En cette veille de Noël, le pasteur et bloggueur Jean-Jacques Corbaz partage un conte inspiré d’un texte de Joël Allaz

Photo: CC(by-sa) elPadawan

Il était une fois un petit garçon qui s’appelait Elias. Sa maman voulait le baptiser «Elie», mais son papa préférait «Jonas». Alors, ils s’étaient décidés pour Elias.

Elias avait toujours froid. Froid sur sa peau, et froid dans son cœur. Il y avait tellement peu de soleil, dans son pays! Il faisait si souvent nuit!
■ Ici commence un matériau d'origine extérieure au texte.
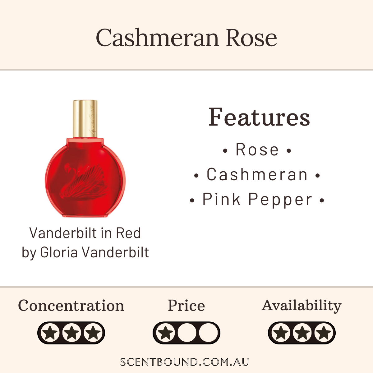 You can probably smell: Rose, pink pepper, cashmeran and vanilla.

Et puis, les adultes n’avaient jamais le temps de s’occuper des enfants...

Alors, un jour, Elias décide de partir. Il se met à marcher, pour essayer de trouver ce qui pourrait le réchauffer.
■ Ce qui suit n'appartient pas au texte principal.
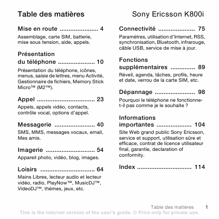 Baixar SONY ERICSSON K800i Instruções Francês (117 Pages) 12.90 EUR
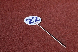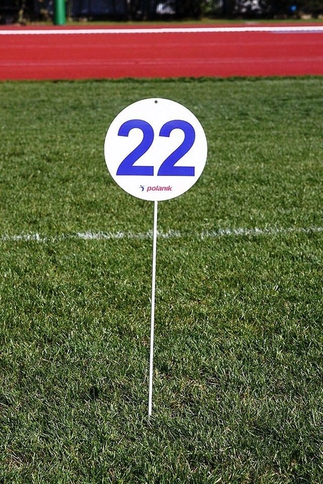 Znacznik wbijany okrągły z jedną szpilką. Wykonany ze stali lakierowanej proszkowo, cyfry po jednej stronie, przeznaczony do pchnięcia kulą.

Il marche longtemps, longtemps... Et voilà que la nuit s’épaissit encore, et le froid qui le mord...

Au ciel, Elias voit des étoiles. Mais, se dit-il, les étoiles!? Elles ont du feu, c’est ça qui les fait briller, dans le noir. Elles pourraient peut-être m’en donner??

— Ohé, les étoiles, crie Elias. Vous n’auriez pas du feu pour moi? J’ai si froid!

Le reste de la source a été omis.